On est trois salariés dans la structure. La semaine passée on continuait de travailler en essayant de respecter les distances, les contacts, mais ce n’est pas intuitif et c’est presque une autre organisation. Le plus important c’est le coté sanitaire. Dans le bureau on est deux, on a de la place, mais on ne veut pas prendre de risques. On veut que les gens continuent à vivre normalement. On veut donner les bonnes instructions et ne pas mettre en danger le personnel du club. C’est le côté financier pour le personnel qui est surtout préjudiciable. L’important est de faire en sorte que ça fonctionne bien de notre coté et reprendre vite. Plus on est disciplinés, plus on reprendra vite. On a l’avantage d’être un club sain, tant financièrement que dans l’état d’esprit.
- Quelle fin tu vois à cette situation ?
À mon avis, on ne risque pas de reprendre bientôt. Au mieux, six semaines comme on l’entend dans les médias. S’il y a une reprise, je la verrai fin mai-début juin. De ce que je vois, il y a trois suites possibles à tout cela :
- La saison suspendue reprendrait fin mai-début juin. Et reprendrait où les équipes s’étaient arrêté, ce qui donnerait un système de montées-descentes classique.

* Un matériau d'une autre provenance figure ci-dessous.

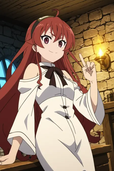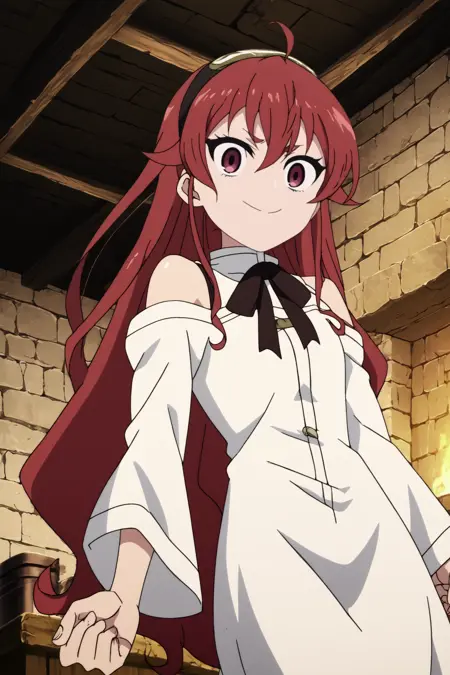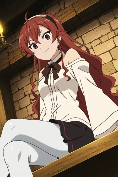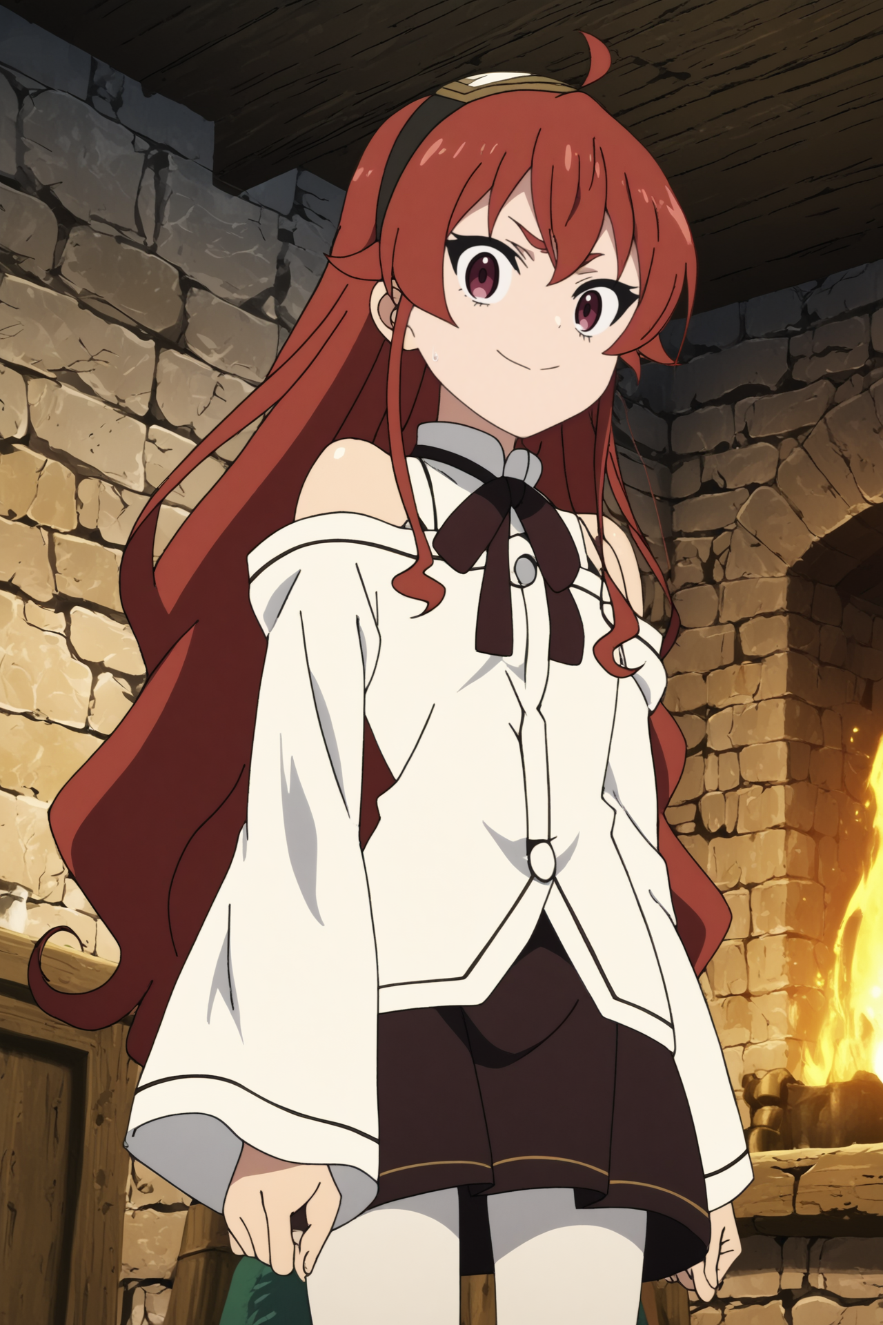 트리거: eris boreas greyrat, 1girl, solo, looking_at_viewer, 빨간 눈, 긴 머리, ahoge, 앞머리, 검은 헤어밴드, 헤어밴드, 눈 사이의 머리카락, 미소, 긴 소매, 목 립본, 팬티스타킹, 립본, 셔츠, 어깨 절개, 치마, 흰 팬티스타킹, 흰 셔츠, 넓은 소매

- Tout geler, finir la saison là où elle s’était arrêtée et garder les équipes telles quelles pour la saison prochaine. Recommencer une saison sans les montées-descentes
- Sinon dans le rugby on a un système de calcul qui peut être utilisé, qui partagerait les points équitablement entre les équipes match par match. On a simulé rapidement cela pour le match face à Domont, et on aurait quelque chose comme 1,5 point. Ça peut faire parler, car c’est une simulation de match basée sur un calcul alors qu’on sait que chaque match peut donner son lot de surprises, mais c’est difficile de trouver une solution juste pour tout le monde.
Dans tous les cas on garde la lucidité de savoir qu’il y a une situation grave, où des gens sont hospitalisés. Donc certes le rugby est notre gagne-pain, mais on n’a aucune hésitation à appliquer les règles imposées par l’État. Dans 15 jours je pense qu’on en saura plus. Une chose est sûre, le club suivra scrupuleusement les règles sanitaires. On attend l’État, puis la Fédération. Si j’étais à leur place, et tant que la situation dans le pays ne s’améliore pas, je dirais « rien ne change pour l’instant », les décisions viendront quand la situation le permettra.